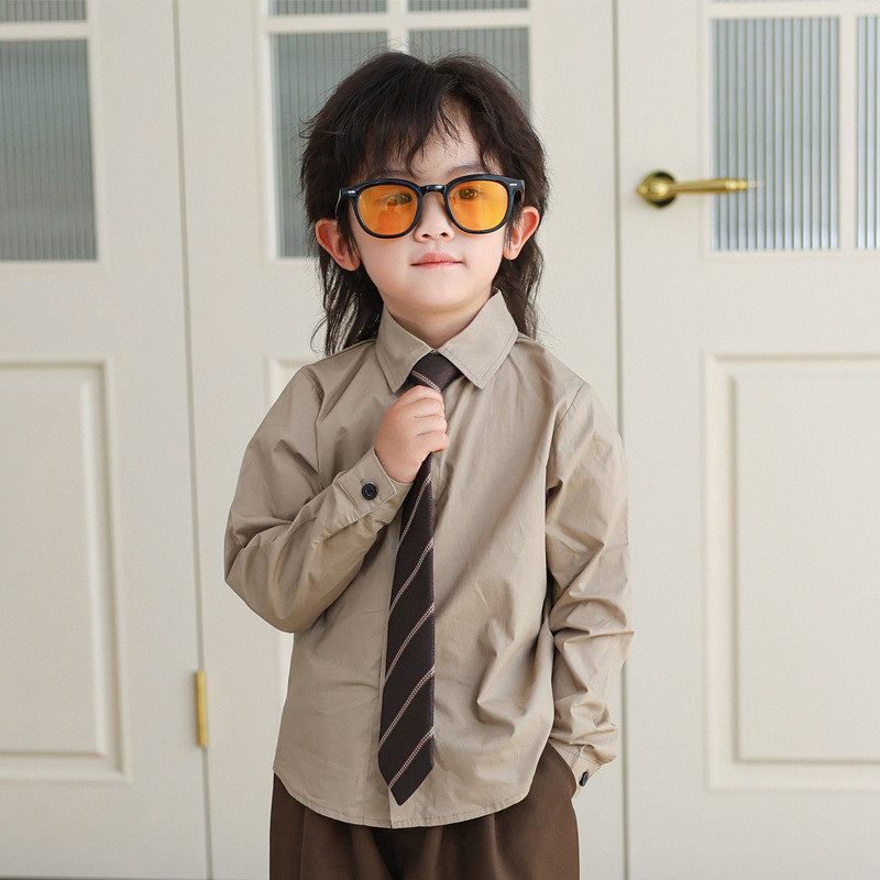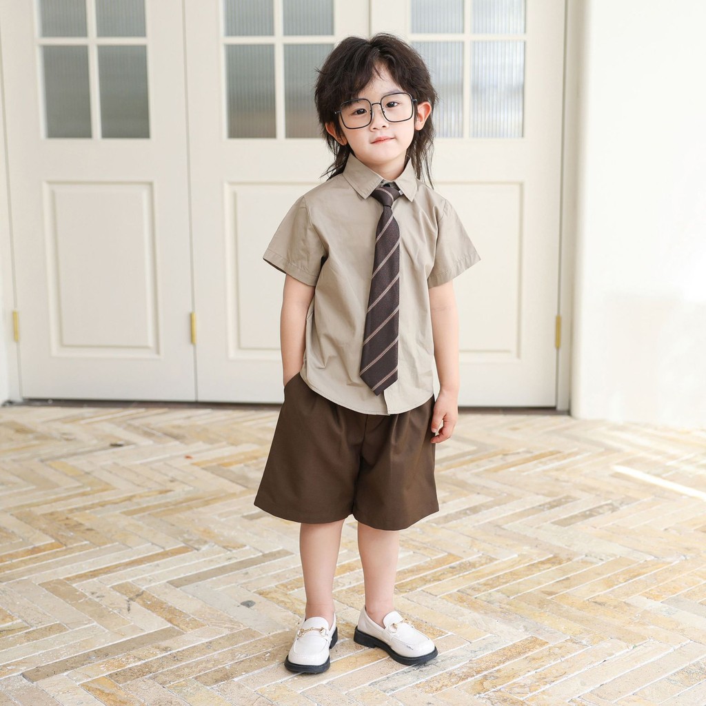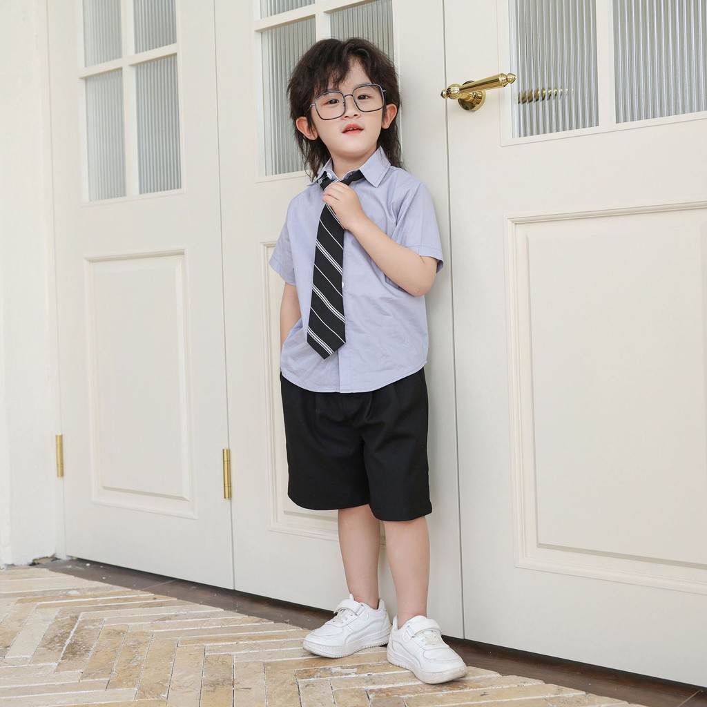 PiPiชุดสุรัสติย์เด็กชายกับสะพาน| เสื้อเชิ้ตสีฟ้าเบาและคาคี+กุญแจลายสาย+กางเกงขาสั้นสะพาน | เหมาะสำหรับวันสำเร็จการศึกษา、ปาร์ตี้วันเกิด การชุมนุมครอบครัว
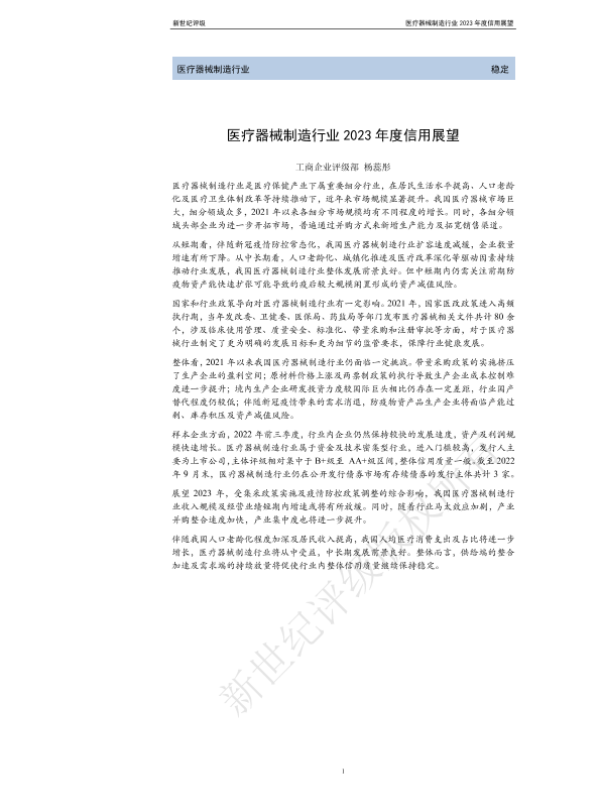 【新世纪评级】【20230101】医疗器械制造行业2023年度信用展望-21页
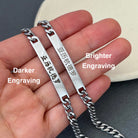 Les deux bracelets sont gravés avec Alejandro en chinois dans le style de police #1 (gravure plus claire) et #6 (gravure plus foncée).
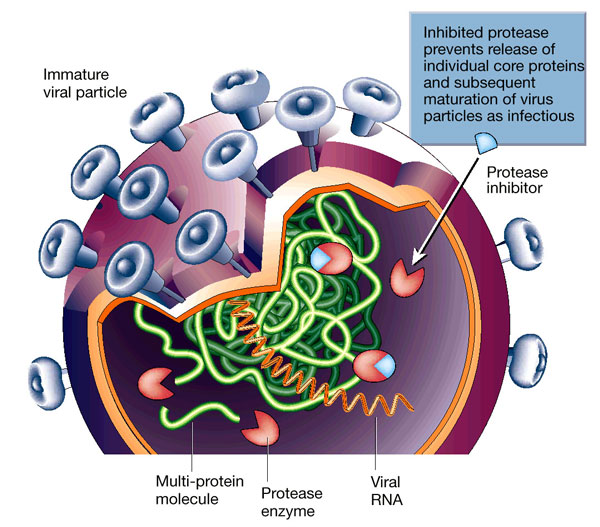 Gli inibitori della proteasi raggiungono il sito in cui questa forbice taglia la catena polipeptidica, inibendone la funzione e interrompendola, col risultato di ridurre notevolmente la replicazione del virus.
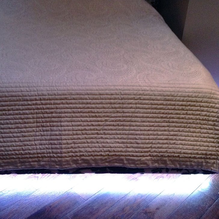В подсветке спальной комнаты так же использована RGB светодиодная лента. Она расположилась в нишах многоуровневого потолка и по периметру кровати. Светодиодная лента, установленная на каркас кровати, светит в сторону пола, такое свечение визуально приподнимает кровать и создаётся эффект, будто она парит в воздухе.

*What needs to be done:* Counting the line with "Gli inibitori della" and the last line of the data above, transcribe those two lines and every line between them exactly, without the pictures.

*Response to this task:*
 Gli inibitori della proteasi raggiungono il sito in cui questa forbice taglia la catena polipeptidica, inibendone la funzione e interrompendola, col risultato di ridurre notevolmente la replicazione del virus.
В подсветке спальной комнаты так же использована RGB светодиодная лента. Она расположилась в нишах многоуровневого потолка и по периметру кровати. Светодиодная лента, установленная на каркас кровати, светит в сторону пола, такое свечение визуально приподнимает кровать и создаётся эффект, будто она парит в воздухе.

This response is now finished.